After several months of higher-than-expected resilience in the labour market, the weakness of the services sector took its toll in February: in seasonally adjusted terms, social security affiliation declined (–30,000 people in the economy as a whole and –49,000 in the services sector) and registered unemployment increased (+20,000), bringing it to over 4 million people. In addition, the number of employees on furlough was revised upward to 928,000 at the end of January (a revision of +189,000) and stood at around 900,000 at the end of February, while the number of social security affiliates not on furlough declined by 6.8% year-on-year in February (worse than the –6.0% decline in January). Looking ahead to the next few months, we expect the labour market to remain highly affected by the pandemic and to show uneven performance between sectors, with gradual improvements in those sectors less affected by the restrictions on activity (such as industry and construction) and more modest performance in the case of those most affected (such as hospitality and retail).

Spain: CaixaBank consumption indicator
Inflation applies the brakes following the surge in January

In January, there was a significant rebound in inflation, which climbed from –0.5% in December last year to 0.5%, driven by the surge in electricity prices. This surge was undone in February and inflation fell to 0%, although the decline went beyond the energy components, as the core indicator (which excludes energy and unprocessed foods) fell by 3 decimal points to 0.3%. For the rest of the year, inflation is likely to be volatile as various pandemic-related base effects are undone. One of the most significant of these will be the low oil prices, which have returned to pre-pandemic levels in early 2021, having fallen below 30 dollars in the spring of 2020.

Spain: CPI growth
The current account balance fell in 2020, despite maintaining the foreign surplus

Specifically, the current account balance stood at +0.7% of GDP (8 billion euros), compared to +2.1% in 2019 (26.6 billion euros). Indeed, the trade deficit in goods improved during the year, although this was largely due to the collapse of imports in the face of the pandemic.

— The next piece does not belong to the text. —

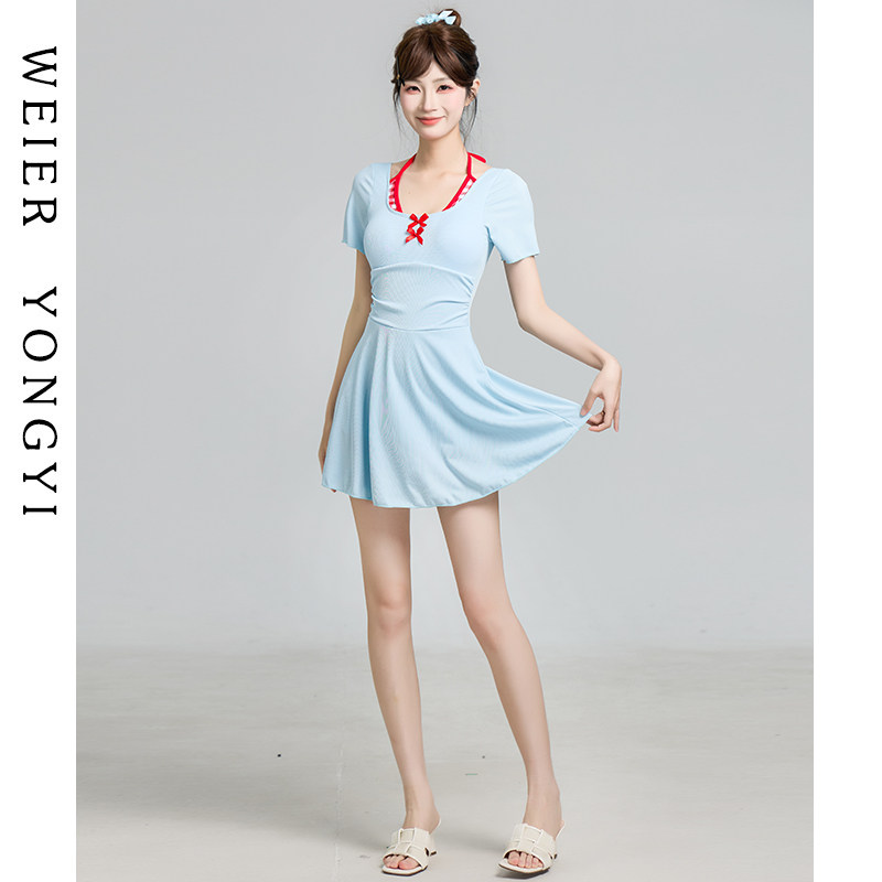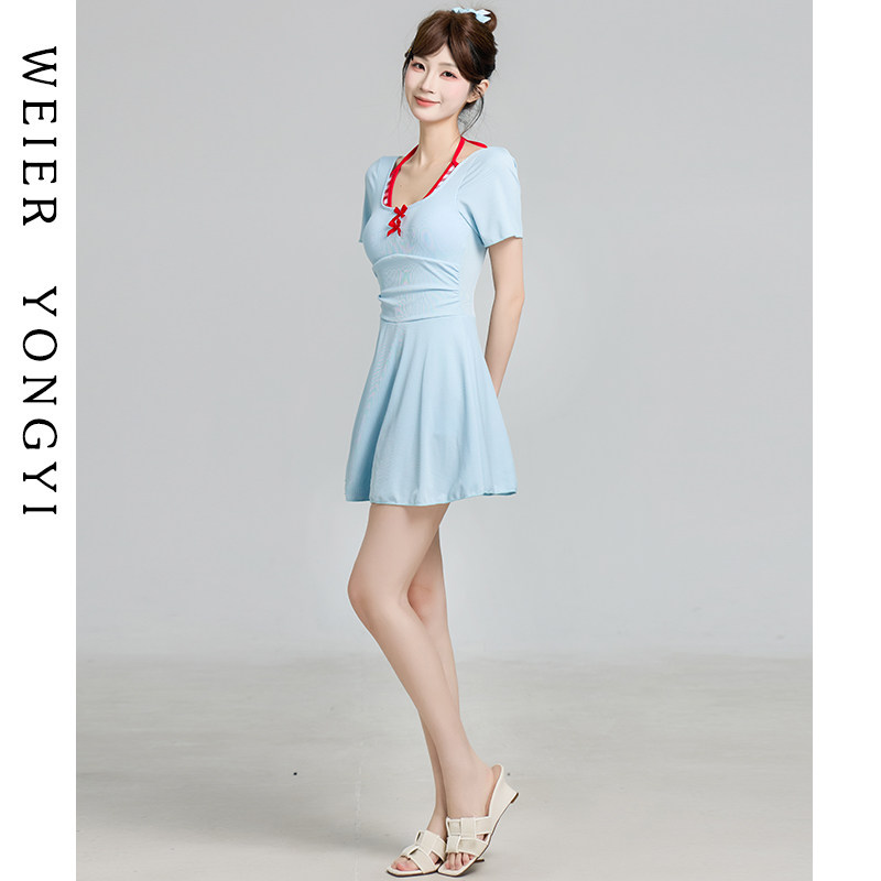 📚 泳衣女款高级感绝美连体裙式甜美少女保守小胸遮肚显瘦泡温泉泳装

In contrast, the surplus in the balance of service deteriorated considerably in the face of the massive decline in the tourism sector, the external balance of which fell by slightly more than 80% last year. For further details, see the Focus «COVID-19 and international trade: an asymmetric impact» in this same Monthly Report.

Spain: registered workers affiliated to Social Security
Public debt ended 2020 at 117% of GDP, while in 2021 the deficit will be reduced but will remain high

Debt stood at 1.3 trillion euros, an increase of just over 122 billion. In GDP terms, debt reached 117.1%, +21.6 pps compared to the 2019 year end. This is a very significant increase, albeit a logical one in the context of the pandemic. This final figure was slightly lower than the government’s forecast (118.8% of GDP), owing to higher than expected economic growth in the second half of last year. We expect the public deficit, meanwhile, to have stood at around 11% of GDP last year (we will find out the final figure at the end of March). Although very high, this is somewhat better than expected thanks to a stronger recovery in tax revenues in the second half of 2020. For this year, the economic recovery will help to bolster the public accounts, although total public spending is expected to remain at levels similar to 2020, so the deficit will remain significant.